We will learn the about the most widely used text classification model LDA through:

> An introduction to what and how does LDA model work?

> Implementation of LDA model wiht Python:
- Activity 1: Text representation
- Activity 2: Training LDA model

> Analysising your results
- Activity 3: Visualisation of text classification



---



# **Overview of Latent Dirichlet Allocation (LDA)**

![LDA.jpg](https://media.springernature.com/full/springer-static/image/chp%3A10.1007%2F978-981-19-3035-5_29/MediaObjects/520032_1_En_29_Fig3_HTML.png?as=webp)

# **Implementation of LDA**
---
### Steps
- Loading data and visualise data
- Prepare data for LDA analysis
- Training LDA model
- Analysing LDA model results

---

### Dataset
> The datasets we will use today:

BBC News Datasets (D. Greene and P. Cunningham. "Practical Solutions to the Problem of Diagonal Dominance in Kernel Document Clustering", Proc. ICML 2006. [PDF].)

The dataset was retrieved from BBC News, and has been widely used in machine-learning and traing text-classification models.
These datasets are made available for non-commercial and research purposes only.

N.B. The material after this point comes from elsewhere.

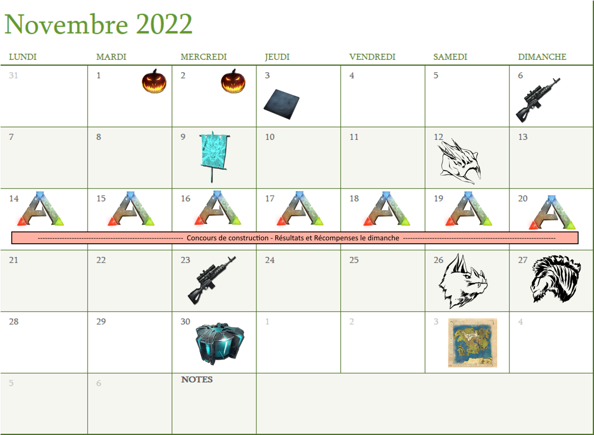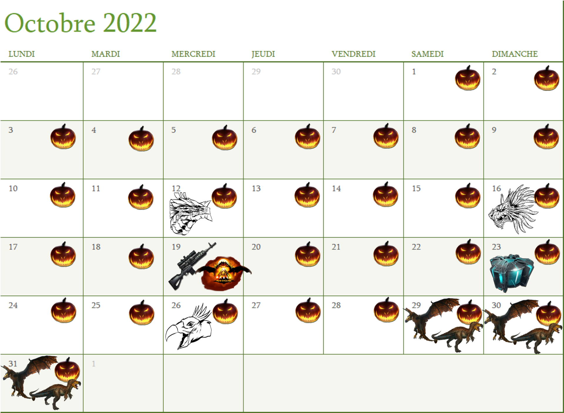 Ce calendrier est à titre informatif, des Event seront ajoutés ou retirer selon les demandes des joueurs.
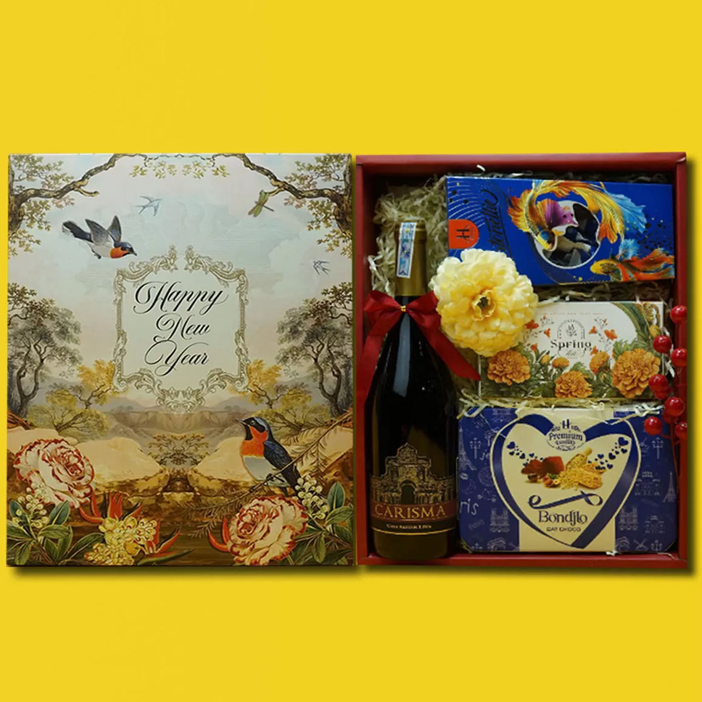 Bao bì quà Tết sang trọng: Bạn có thể chọn rượu vang Carisma Casa Santos Lima với một bộ quà Tết cao cấp, bao gồm hộp quà sang trọng, thiết kế đặc biệt với màu sắc đỏ, vàng truyền thống, thể hiện sự may mắn và thịnh vượng cho năm mới.

The dataset contains 2225 news articles published between 2004-2005 on the BBC news website. Each article is labeled with one of the five topics: Politics, Business, Technology, Entertainment and Sport.


Source of dataset:
https://huggingface.co/datasets/SetFit/bbc-news

> CNN-DailyMail News Text Summarization
The CNN / DailyMail Dataset is an English-language dataset containing just over 300k unique news articles as written by journalists at CNN and the Daily Mail. The current version supports both extractive and abstractive summarization, though the original version was created for machine reading and comprehension and abstractive question answering.

Source of dataset:
https://www.kaggle.com/datasets/gowrishankarp/newspaper-text-summarization-cnn-dailymail?resource=download



---



# Loading Python library and datasets

In [None]:
# ============================
# Import Python libriary
# ============================

!pip install gensim
!pip install pyLDAvis
!pip install nltk

import nltk
nltk.download('punkt_tab')
import warnings
warnings.filterwarnings("ignore", category=DeprecationWarning)

In [None]:
# ============================
# Download datasets
# ============================

# Open the zip file
!wget https://github.com/DCS-training/Text-Calssification-in-Practice-From-Topic-Models-to-Transformers/raw/refs/heads/main/Task1-LDA-News%20Classification/LDA_data.zip
!unzip /content/LDA_data.zip


## Load dataset to python

In [None]:
# Read the CSV file into a pandas DataFrame
file1 = "cnnnews_data.csv"
file2 = "BBCnews_data.csv"

data = pd.read_csv(file1)   # Feel free to change it to file2 and play with different dataset
data = data[:2000]          # We pick the first 2000 articles in the dataset for faster results

# Print name of each column and numer of data points
print(data.info(verbose=True), "\n")

In [None]:
# Print the first 5 rows in the dataset
print(">>> The first 5 rows in the dataset")
print(data.head())

In [None]:
# Import the wordcloud library
from wordcloud import WordCloud

# Randomly select 100 articles and join them together (for faster processing)
long_string = ','.join(list(data['article'].sample(100).values))

# Create a WordCloud object
wordcloud = WordCloud(background_color="white", max_words=1000, contour_width=3, contour_color='steelblue')

# Generate a word cloud
wordcloud.generate(long_string)

# Visualize the word cloud
wordcloud.to_image()



---



# Prepare data for LDA analysis

Before we can use the LDA model, data needs to be processed and transformed in a format that can be use as an input for LAD model, these steps inclues:

1. Tokenize the text
2. Remove stopwords
3. Convert the tokenized object into a corpus and dictionary

## 01 - Tokenization

Tokenisers work by splitting text into smaller components, or the unit for analysis.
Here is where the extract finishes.